_TASK OBJECTIVE_
An unchanged copy of each entry below is needed; keep the pictures out of it.

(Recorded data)
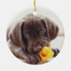 Ornamento De Cerâmica Chocolate Labrador Com Pato De Brinquedo
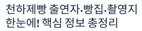 천하제빵 출연자·빵집·촬영지 한눈에! 핵심 정보 총정리
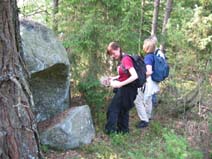 Åter hindrades vår väg av sankmarker men det gick när man metodiskt letade sig fram! Väl på plats hittade en av nybörjarna cachen. | |||
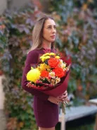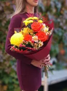 Яркий осенний букет с розой, хризантемой и альстромерией.
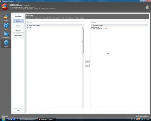 Dit lukt ook niet...ze blijven er allemaal instaan. Ik kan wel cookies verplaatsen van de linker naar de rechter kolom en andersom.......maar verwijderen lukt niet. vg, Pol
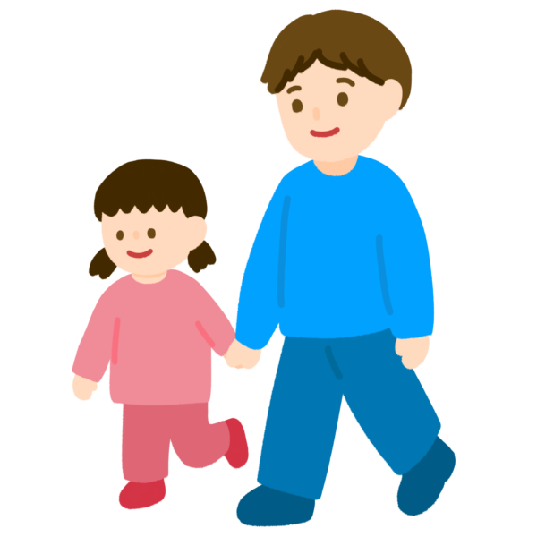 仲良く歩くお父さんと女の子の親子のイラストです。

_EXERCISE ANSWER_
 Ornamento De Cerâmica Chocolate Labrador Com Pato De Brinquedo
 천하제빵 출연자·빵집·촬영지 한눈에! 핵심 정보 총정리
 Åter hindrades vår väg av sankmarker men det gick när man metodiskt letade sig fram! Väl på plats hittade en av nybörjarna cachen. | |||
 Яркий осенний букет с розой, хризантемой и альстромерией.
 Dit lukt ook niet...ze blijven er allemaal instaan. Ik kan wel cookies verplaatsen van de linker naar de rechter kolom en andersom.......maar verwijderen lukt niet. vg, Pol
 仲良く歩くお父さんと女の子の親子のイラストです。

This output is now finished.